* DATA SHOWN
┏━━

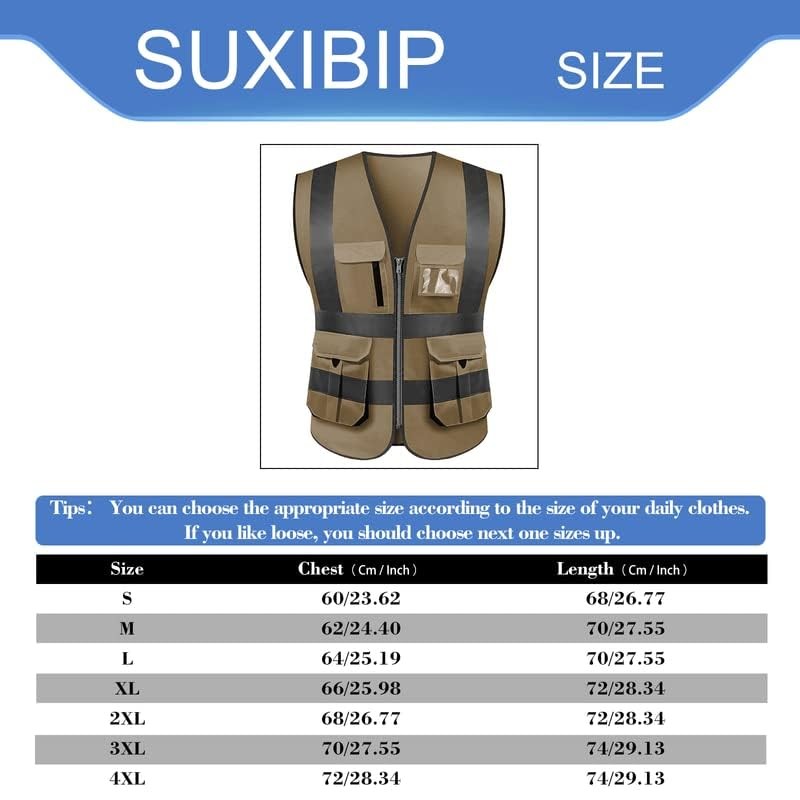 Item: SUXIBIP High visibility reflective safety vest multi pockets
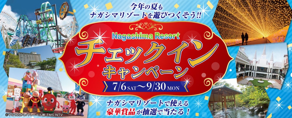 対象施設は、ナガシマスパーランド、なばなの里、長島温泉湯あみの島、名古屋アンパンマンこどもミュージアム&パーク、ホテル花水木、ガーデンホテルオリーブ、ホテルナガシマの7施設。入口付近にあるポスターのQRコードを読み込んでスタンプを入手できます。抽選のチャンスは、チェックインスタンプ1個で1回、スタンプ2個以上で2回にアップ。この夏、ナガシマリゾートに訪れたら、チェックインスタンプをゲットして存分に遊びつくそう!
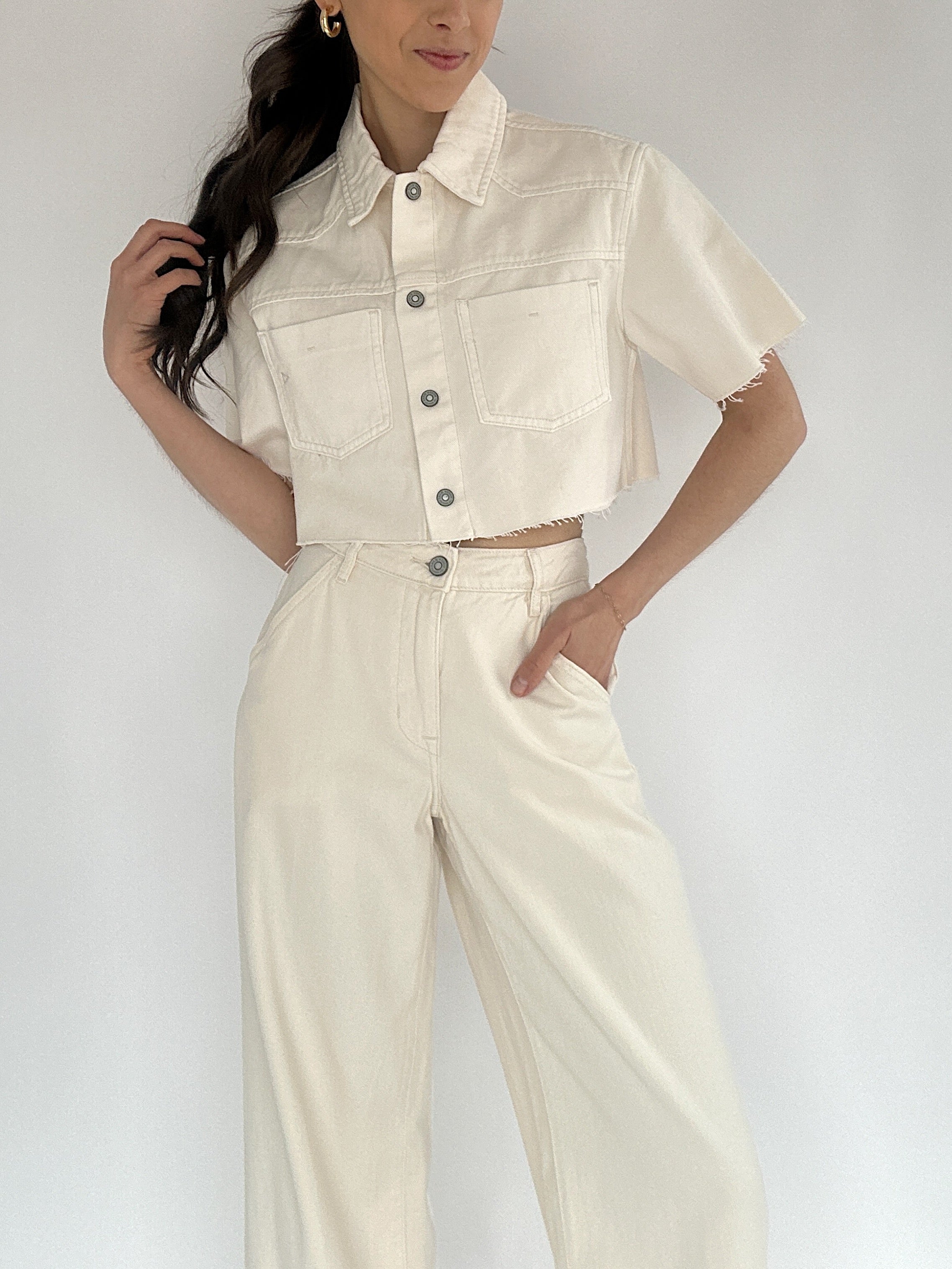 This ecru denim cropped top is a must have! It has a short sleeve, cargo style with chest pockets, a button front and boxy fit. Pair it with high waisted pants, maxi skirts, over dresses or with the matching Nori Wide Leg Trouser Jeans in Ecru for the cutest set!

┗━━

* ASSIGNED TASK
Repeat, word for word and with no pictures, only the lines running from the beginning of the data to the line that contains "対象施設は、ナガシマスパーラ".

* WRITTEN RESPONSE
 Item: SUXIBIP High visibility reflective safety vest multi pockets
 対象施設は、ナガシマスパーランド、なばなの里、長島温泉湯あみの島、名古屋アンパンマンこどもミュージアム&パーク、ホテル花水木、ガーデンホテルオリーブ、ホテルナガシマの7施設。入口付近にあるポスターのQRコードを読み込んでスタンプを入手できます。抽選のチャンスは、チェックインスタンプ1個で1回、スタンプ2個以上で2回にアップ。この夏、ナガシマリゾートに訪れたら、チェックインスタンプをゲットして存分に遊びつくそう!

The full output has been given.